Redwood Bend by Robyn Carr (Mira, March 2012)
Young widow Katie Malone has been in Vermont for the last year with her twin five year old boys, under the radar, while her brother Connor was preparing to testify in a murder trial that also included an arson charge stemming from a fire that burned Connor and Katie’s family’s hardware store to the ground. Now that the trial is over, Katie is making a cross country trip to reunite the boys with Uncle Connor who has been living in Virgin River in Northern California. Just miles from the mountainous town, Katie’s vehicle has a flat tire in the pouring rain, and although she is largely self-sufficient, machine tightened lug nuts are the slightly built young woman’s undoing. Assisted by a group of motorcyclists, Katie is immediately attracted to Dylan into whom she is sure she’ll never run again.
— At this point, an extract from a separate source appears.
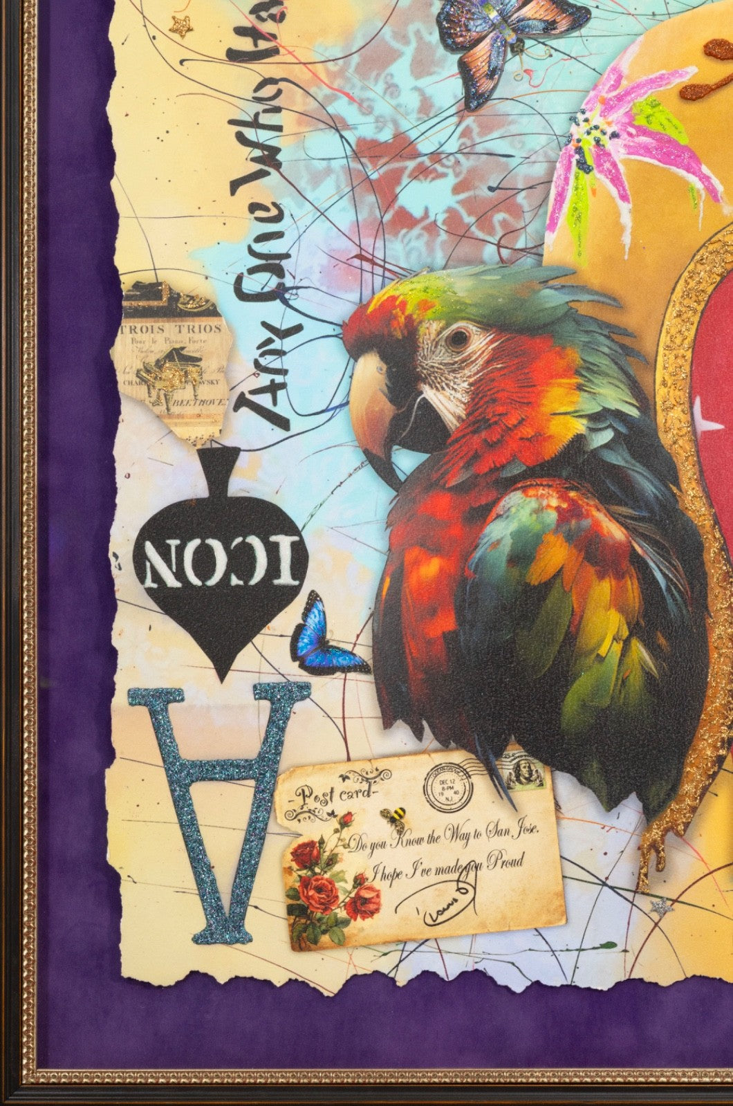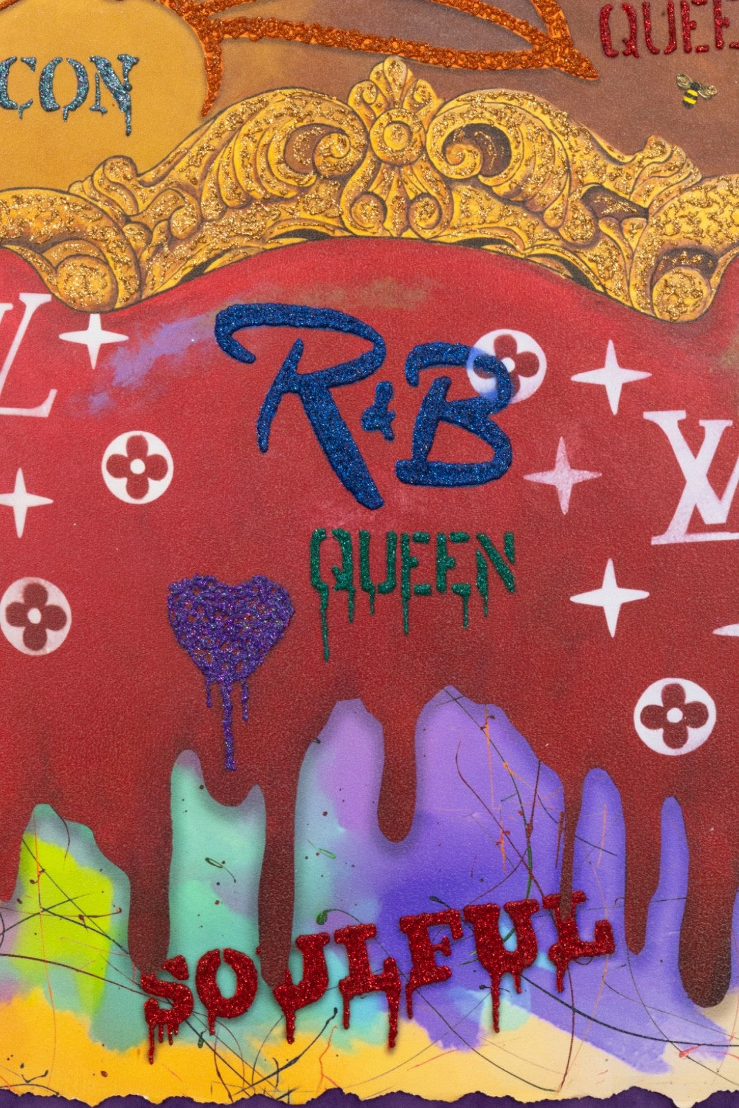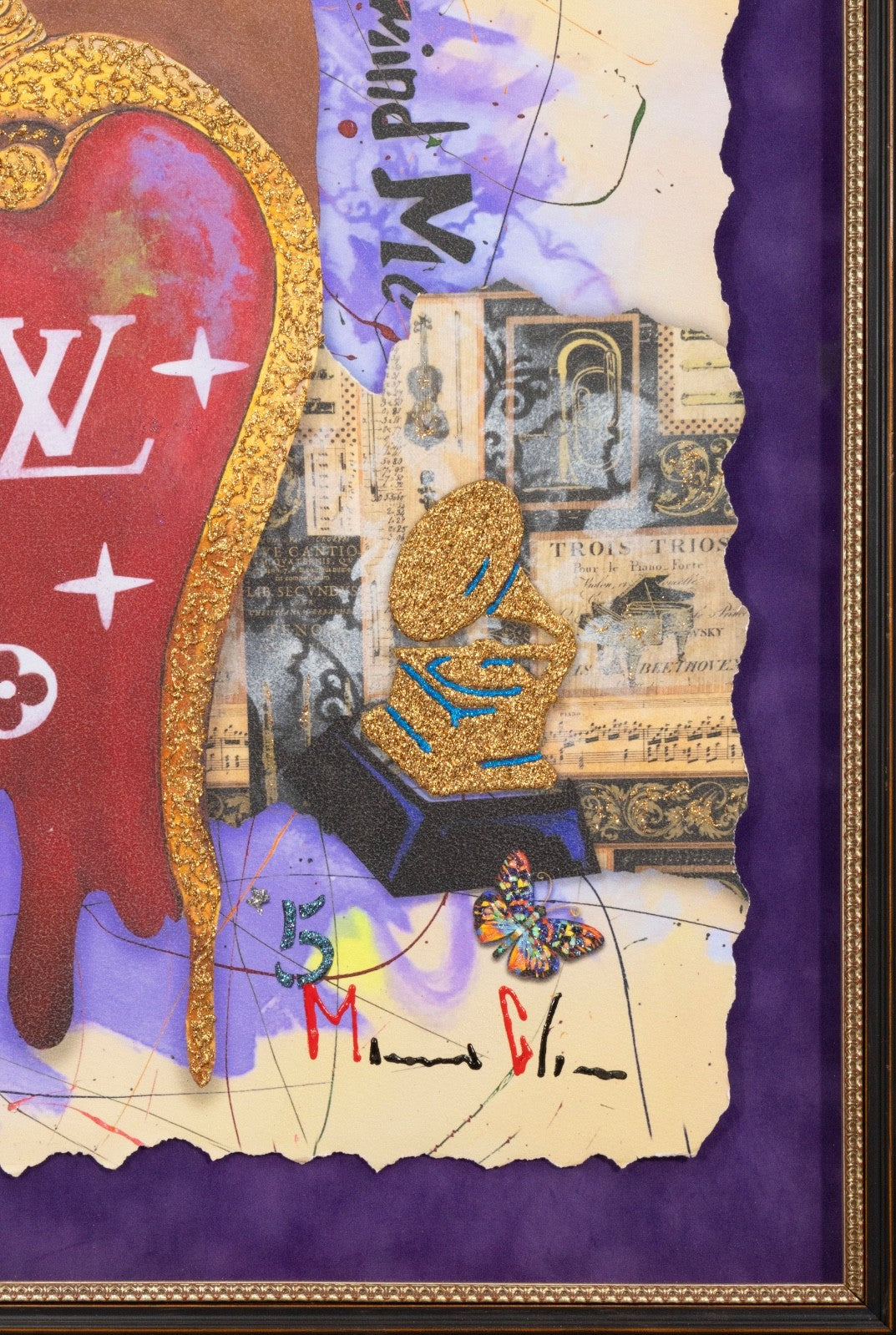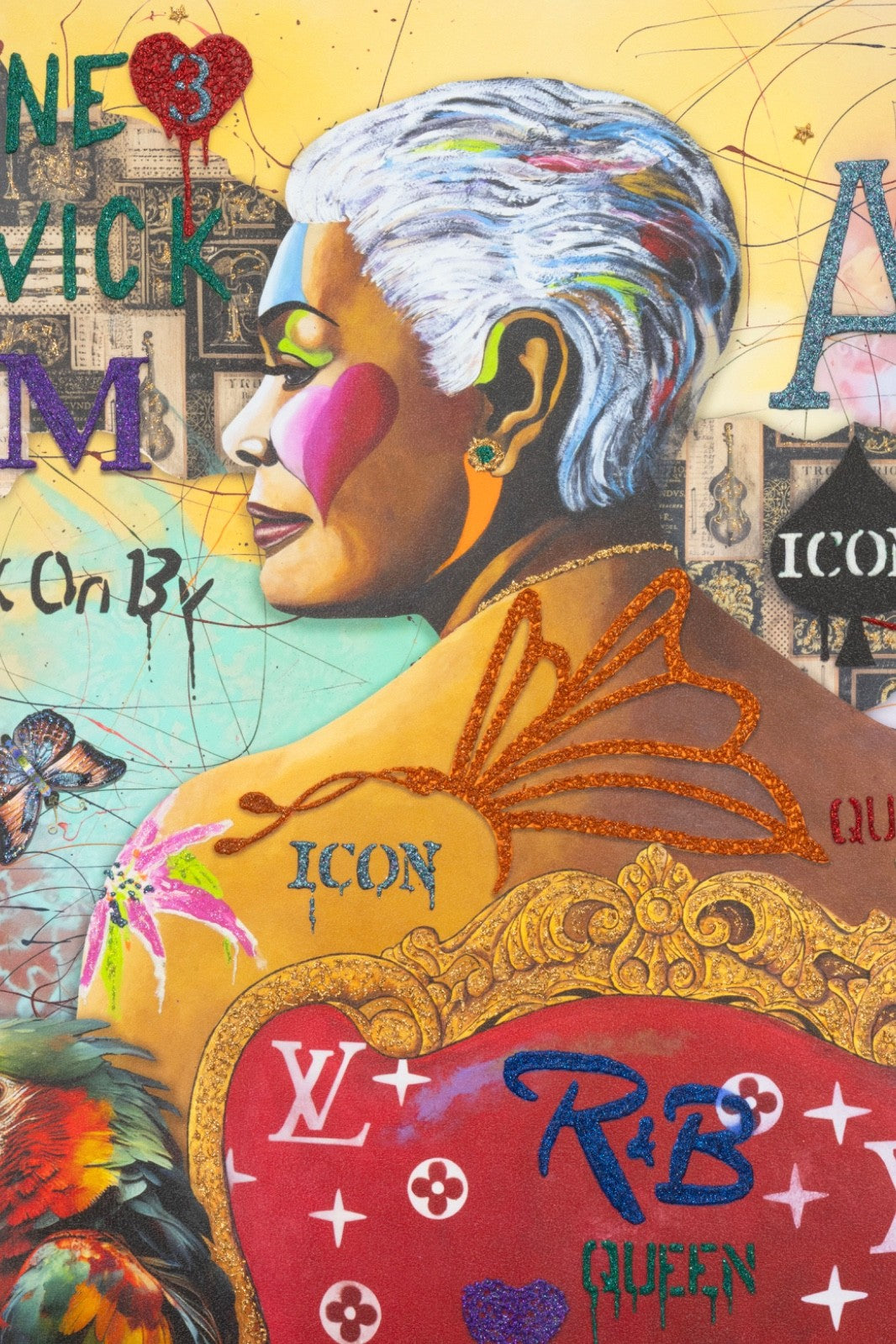 A contemporary giclée on paper with hand-applied "diamond dust" embellishments titled "Always Something There to Reming Me" by Marcus Glenn. Hand signed by the artist lower right, with the signature of Dionne Warwick lower left. "From The Last Album - Duets" series. This artwork depicts a stylized portrait of Dionne Warwick shown in profile. The composition includes layered imagery and text elements such as "Dionne Warwick," "Mom," and "Icon," along with additional motifs including a bird, butterflies, hearts, and decorative forms. The edition of 12 was created to commemorate Dionne Warwick’s birthday, December 12. An opportunity to acquire a collaborative work associated with Marcus Glenn and Dionne Warwick.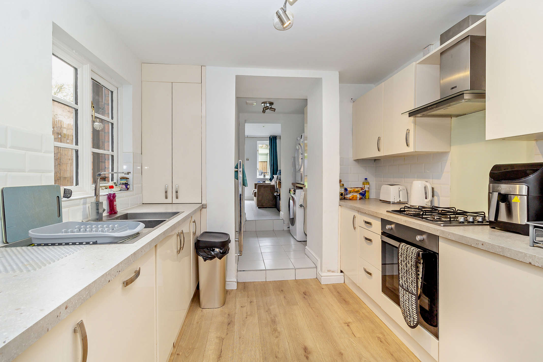 The kitchen is light-filled and offers wall, base and drawer cabinets along with in-built storage. There are integrated appliances and a stainless steel extractor hood as well as wooden-style flooring throughout.

She does, of course, in Virgin River and when she learns he is a former child star looking to get back into the movie business she swears she’s not going to get involved, a vow she quickly breaks, which sets into motion a series of life altering events for both Katie and Dylan.
Virgin River is a marvelous small town that Robyn Carr has built over the course of the series, family by family, including many veterans from the wars in Iraq. Jack’s bar with his cook Preacher remains the focal point of the community and though fewer of the now permanent residents are included in the book than usually are, Virgin River and the nearby Grace Valley remain an inviting place to visit, one readers will want to return to time and time again.